Involving the Employees in their Own Reviews

In the world of organizational change, it is well known that change often needs a key ingredient: employee buy-in. Change management experts get this buy-in by giving employees a voice in the change process. If we expect to involve employees in a change process for their organization, why would we expect anything less when we are asking them to change themselves? Ensuring the process is fairer by giving the employees a voice in their appraisal will help receive that critical buy-in for their own development. Research has shown that even if the outcome is not ideal, employees will be more willing to accept it if the journey to get there was perceived as fair (Brockner & Wisenfeld, 1996). Some methods of giving employees a voice in this process include (Goler, Gale & Grant, 2016):

  • Allowing employees to speak first about their performance during the review rather than the manager coming down – including how they felt about the resources they were provided by their manager and organization
  • Developing psychological safety that allows employees to voice their opinion on the ratings or feedback they received
  • Ensuring evaluators are detailed and transparent about how they reached the judgement that translated to the feedback
  • Giving employees the space to provide feedback on their coworkers to their manager/evaluator

Focusing on the Plan to Improve Performance

Aside from the administrative needs, arguably the most important purpose of appraisal is to inform how best to improve performance. So long as the appraisal method identifies the performance gaps, the necessary next step is to develop the person. When the manager and employee set a developmental plan, they can use methods such as:

  • Summarizing and focusing on the most important feedback points
  • SMART Goals – focusing on specific metrics with a goal that the employee is capable of achieving but something that still stretches them
  • Use periodic one-on-ones to check in on the progress (also gives a great opportunity for more frequent feedback as stated above)
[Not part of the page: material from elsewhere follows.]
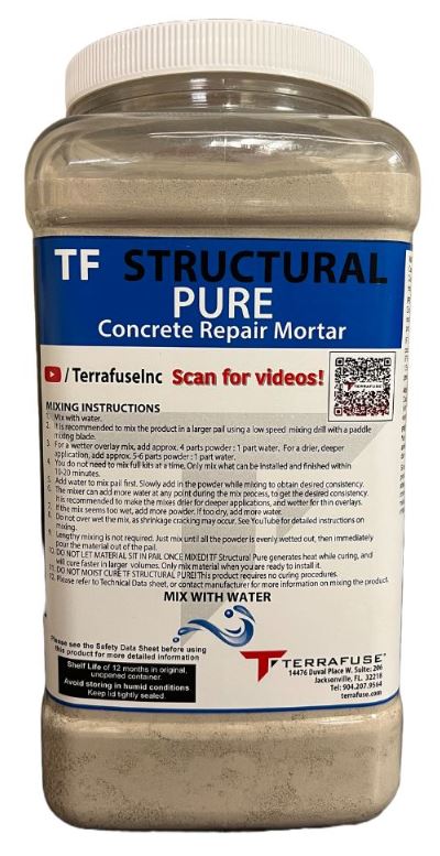 Typically installed as a stand-alone overlay for concrete substrates, it provides an economical solution that has excellent abrasion resistance properties and very good durability against mechanical damage. TF Structural Pure is used for spall repairs, complete resurfacing, large structural rebuilds, or anywhere damaged concrete is in need of repair.

As with anything, the best decision to keeping or getting rid of ratings may depend on each organization’s situation. It is important to remember that whatever the appraisal system is, it serves a greater purpose. When making the decision keep in mind a few important things:

  • What are your employees’ current attitudes toward your appraisal system?
  • What are the associated costs and benefits with the possible directions you can take?
  • Do employees feel there is misalignment between how they see their performance and how evaluators feel?
  • Are high potentials being identified accurately and given the opportunities to reach higher roles?
  • Are developmental needs actually being met for the majority of the workforce?
  • Are the answers to the questions above the same for all areas of the organization?

References

Adler, S., Campion, M., Colquitt, A., Grubb, A., Murphy, K., Ollander-Krane, R., & Pulakos, E. D. (2016). Getting Rid of Performance Ratings: Genius or Folly? A Debate. Industrial and Organizational Psychology, 9(2), 219–252.

Agovino, T. (2023, March 15). The Performance Review Problem. SHRM.
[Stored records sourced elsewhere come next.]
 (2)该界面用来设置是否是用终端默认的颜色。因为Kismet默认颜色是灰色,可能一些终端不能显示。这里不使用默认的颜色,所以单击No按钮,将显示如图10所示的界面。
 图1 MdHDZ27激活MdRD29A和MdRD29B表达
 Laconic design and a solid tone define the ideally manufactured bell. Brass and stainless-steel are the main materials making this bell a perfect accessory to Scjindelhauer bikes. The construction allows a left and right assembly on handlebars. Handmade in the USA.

Bascal & Associates. (2018). Narrative Method For Tracking and Documenting Employee Contributions. The Performance Management and Appraisal Resource Center.
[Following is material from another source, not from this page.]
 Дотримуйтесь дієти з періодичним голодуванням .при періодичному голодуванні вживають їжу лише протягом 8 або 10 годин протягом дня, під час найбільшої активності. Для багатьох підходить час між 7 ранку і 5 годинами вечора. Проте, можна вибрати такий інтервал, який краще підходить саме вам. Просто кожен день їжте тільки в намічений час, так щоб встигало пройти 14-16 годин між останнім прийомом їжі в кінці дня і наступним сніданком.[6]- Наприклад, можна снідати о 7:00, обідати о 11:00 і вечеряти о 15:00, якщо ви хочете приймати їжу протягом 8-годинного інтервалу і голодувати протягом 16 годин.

Brockner, J., & Wiesenfeld, B. M. (1996). An integrative framework for explaining reactions to decisions: Interactive effects of outcomes and procedures. Psychological Bulletin, 120(2), 189–208.

Campbell, K. (2023, July 27). Types of performance review biases & how to avoid them. Culture Amp.

Cox, E. (2019). Characteristics of Behavior Rating Scales: Revisited. Masters Theses & Specialist Projects.

Croswell, L. (2023, April 12). Why you should separate performance measurement and development. Culture Amp.

Goler, L., Gale, J., & Grant, A. (2016, November). Let’s Not Kill Performance Evaluations Yet. Harvard Business Review.

Scullen, S. E., Mount, M. K., & Goff, M. (2000). Understanding the latent structure of job performance ratings. Journal of Applied Psychology, 85(6), 956–970.

Sutton, R. & Wigert, B. (2019, May 6). More Harm Than Good: The Truth About Performance Reviews. Gallup.

Wigert, B. & Mann, A. (2017, September 25). Give Performance Reviews That Actually Inspire Employees. Gallup.